PTSD and Substance Abuse: Why Trauma Survivors Turn to Substances (And How to Heal)

PTSD and Substance Abuse

PTSD and substance abuse frequently occur together because trauma survivors often turn to alcohol or drugs to manage symptoms that feel unmanageable on their own. Flashbacks, hypervigilance, nightmares, and emotional numbness are exhausting to live with, and substances can temporarily silence all of it. 

What starts as a way to cope gradually becomes a dependency, and by the time most people seek help, they are managing two serious conditions instead of one. 

As someone who has worked with trauma survivors and individuals struggling with substance use in Sacramento for nearly two decades, I have seen this pattern play out in very real ways. People do not start drinking or using drugs because they want to create problems for themselves. They do it because something painful happened, and substances offered what felt like relief. 

Understanding why that happens, and what integrated treatment for both conditions actually looks like, is what this article covers. 

What Is PTSD and Who Does It Affect?

Post-traumatic stress disorder, or PTSD, is a mental health condition that develops after a person experiences or witnesses a traumatic event. This can include combat exposure, sexual assault, physical violence, childhood abuse, accidents, natural disasters, or the sudden loss of someone close. It is not limited to any one group, age, or background.

According to the U.S. Department of Veterans Affairs, approximately 6% of the U.S. population will experience PTSD at some point in their lives. Among combat veterans, that number is significantly higher. But PTSD is not only a veteran’s issue. It affects survivors of domestic violence, first responders, people who grew up in chaotic or abusive households, and anyone who has lived through something that their nervous system could not fully process.

Common symptoms of PTSD include flashbacks, nightmares, persistent anxiety, emotional numbness, hypervigilance, difficulty sleeping, and a tendency to avoid people, places, or situations that trigger memories of the trauma.

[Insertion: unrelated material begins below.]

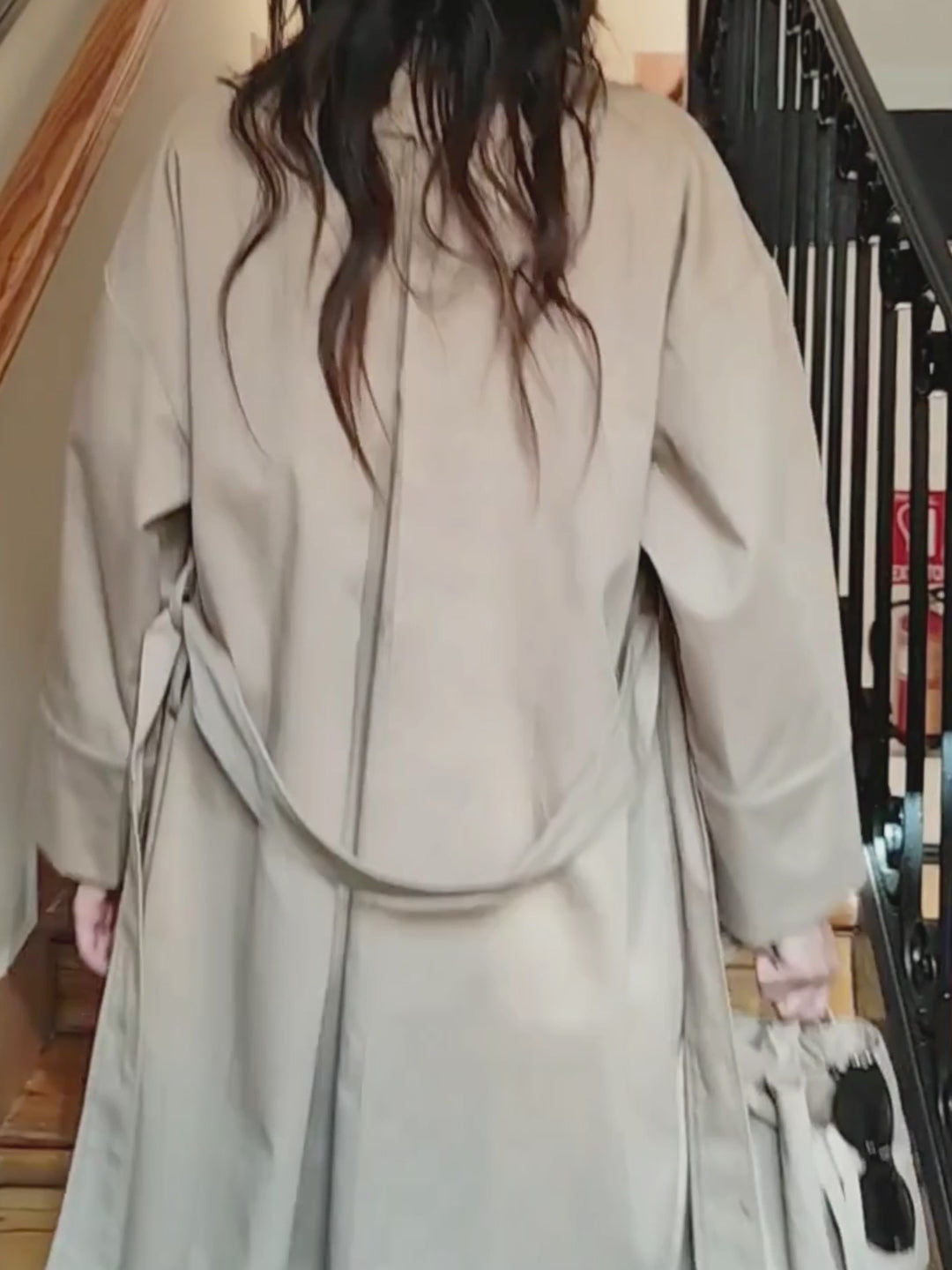 Gabardina Oversize hasta la pantorrilla. Silueta recta con aberturas laterales. Hombro caído. Cuello camisero con pie. Manga recta con puño ancho (11,5cm); cruce y botonadura simple con ojales y botones de 4 agujeros. Bolsillos de plastrón con abertura lateral. Aberturas laterales. Espalda con fuelle cetral desde el pie de cuello y presilla de tela con ojal y botón. Cinturón y doble trabilla lateral de tela.

When those symptoms go untreated, they do not just fade on their own. They look for an exit.

Why PTSD and Substance Abuse Occur Together 

The relationship between PTSD and substance abuse is not random. There is a very specific psychological and neurological reason why the two so often appear together, and it starts with what trauma does to the brain.

When someone experiences trauma, their brain’s stress response system becomes dysregulated. The amygdala, which processes fear and threat, becomes hyperactive. The prefrontal cortex, which handles rational thinking and emotional regulation, becomes less effective. The result is a nervous system that stays stuck in a heightened state of alertness, even when the actual danger is long gone.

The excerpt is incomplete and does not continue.